Ubiquitination Activity Directed against Exogenous Recombinant GST-Smad2 in Isolated Glomeruli
Recently, the degradation of Smad2 through the ubiquitin-proteasome pathway has been demonstrated in cultured cells. To clarify whether the increased degradation of Smad2 in nephritic glomeruli involves the ubiquitin system, we investigated the in vitro ubiquitination activity directed against Smad2 in glomerular extracts using recombinant GST-Smad2 protein as the substrate. As shown in Figure 6A ▶ , significant ladders of polyubiquitinated Smad2 were observed when recombinant GST-Smad2 proteins were incubated with glomerular extracts collected from rats with ATS nephritis. Densitometric analysis demonstrated that the increases in polyubiquitinated Smad2 after incubation with the glomerular extracts obtained from ATS nephritic rats at days 5 to 7 were 9- to 12-fold higher than the increases observed after incubation with glomerular extracts from control animals (day 0) (Figure 6B) ▶ . In contrast, no significant ladders of polyubiquitinated GST-Smad3 protein were observed when recombinant GST-Smad3 protein was incubated for 30 minutes with the glomerular extracts obtained from control rats (day 0) or from ATS nephritic rats at day 7 (Figure 6C) ▶ . Ladders of polyubiquitinated GST-Smad2 were also detected in the anti-Smad2-immunoprecipitated substrates of glomerular extracts from rats with ATS nephritis (Figure 6D) ▶ .
Figure 6.
Increased ubiquitination of Smad2 protein in ATS nephritic glomeruli. A: Ubiquitination of Smad2 in ATS nephritic glomeruli was measured by an in vitro ubiquitination assay. The glomerular extracts isolated on day 3, 5, and 7 from rats with ATS nephritis and from control animals (day 0) were incubated with recombinant GST-Smad2 protein for 30 minutes at 30°C. The reaction mixtures were subjected to immunoblot analysis using anti-Smad2 antibody. B: The densitometric ratios were calculated relative to the control densitometric values in A (n = 3). Values are given as mean ± SE. *, P < 0.05 versus control rats. C: Ubiquitination activity directed against exogenous recombinant GST-Smad3 proteins present in the glomerular extracts isolated from rats with ATS nephritis on day 7 and from control animals (day 0) was measured by an in vitro ubiquitination assay of Smad3. D: The reaction mixtures from the in vitro ubiquitination assays of Smad2 were immunoprecipitated by anti-Smad2 antibody. The precipitated proteins were subjected to immunoblot analysis using anti-ubiquitin antibody (upper panel). A ubiquitination ladder was detected in reactants for 30 minutes of day 7 extract. The anti-Smad2-immunoprecipitated proteins in the reaction mixtures were also immunoblotted using anti-Smad2 antibody (lower panel), to demonstrate that equal amounts of recombinant GST-Smad2 protein were subjected to the ubiquitination activity assay in each sample.

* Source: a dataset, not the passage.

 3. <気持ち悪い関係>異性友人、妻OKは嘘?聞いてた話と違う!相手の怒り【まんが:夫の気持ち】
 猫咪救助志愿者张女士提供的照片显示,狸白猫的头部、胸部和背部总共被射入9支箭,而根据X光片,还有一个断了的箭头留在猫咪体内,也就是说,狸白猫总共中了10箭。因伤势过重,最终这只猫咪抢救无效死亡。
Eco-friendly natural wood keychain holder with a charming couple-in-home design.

Levels of Smad2, Phospho-Smad2, and Smurf2, and the Ubiquitination Activity Directed against GST-Smad2 in Isolated Glomeruli
Smurf2 is a member of the HECT family of E3 ubiquitin ligases, and interacts with Smad2. We used Western blot analyses of Smad2, phospho-Smad2, and Smurf2 in the glomerular extracts of rats with ATS nephritis to investigate the relationship between the levels of Smad2 and Smurf2 in nephritic glomeruli. To confirm the specificity of the anti-Smurf2 antibody used in the present study, blocking peptide and positive control samples were used. Pretreatment of the anti-human-Smurf2 antibody with Smurf2 blocking peptides completely erased the Smurf2-specific band at 90 kd in the glomerular extracts collected from ATS nephritic rats on day 5 (Figure 7A) ▶ , and from the protein extracts from HEK293 cells transfected with human Smurf2 cDNA which were used as positive control samples (not shown). Marked decreases in Smad2 and slight increases in phospho-Smad2 were noted on days 5, 6, and 7. In contrast, the glomerular levels of Smurf2 increased in almost inverse proportion to those of Smad2 (Figure 7B) ▶ . Smurf2 protein was not detectable at day 0, became detectable at day 4, peaked at day 5, and began decreasing gradually thereafter.
Figure 7.
Increase in Smurf2 expression in ATS nephritic glomeruli. A: To evaluate the accessibility of anti-Smurf2 antibody to rat Smurf2 protein in Western blot analysis, anti-human-Smurf2 antibody (E-16; Santa Cruz Biotechnology) was pretreated with or without excess Smurf2 blocking peptide. The resultant antibodies were used for Western blotting to detect rat Smurf2 in the glomerular samples collected on day 5 from rats with ATS nephritis and from control animals (day 0). A 90-kd band (arrow) corresponding to rat Smurf2 selectively disappeared after pretreatment of the antibody with the blocking peptide. B: The levels of Smad2, Smurf2, phospho-Smad2, and β-actin in the glomeruli isolated from rats with ATS nephritis on days 4, 5, 6, and 7, and from control animals (day 0) were measured by Western blot analysis. C: Smad2-ubiquitination activity in the glomerular extracts isolated from rats in B was assayed by an in vitro ubiquitination system using recombinant GST-Smad2 protein. The reaction mixtures were immunoprecipitated with anti-Smad2 antibody and the precipitated proteins were subjected to immunoblot analysis using anti-ubiquitin antibody (upper panel). The anti-Smad2-immunoprecipitated proteins in the reaction mixtures were also immunoblotted using anti-Smad2 antibody (lower panel).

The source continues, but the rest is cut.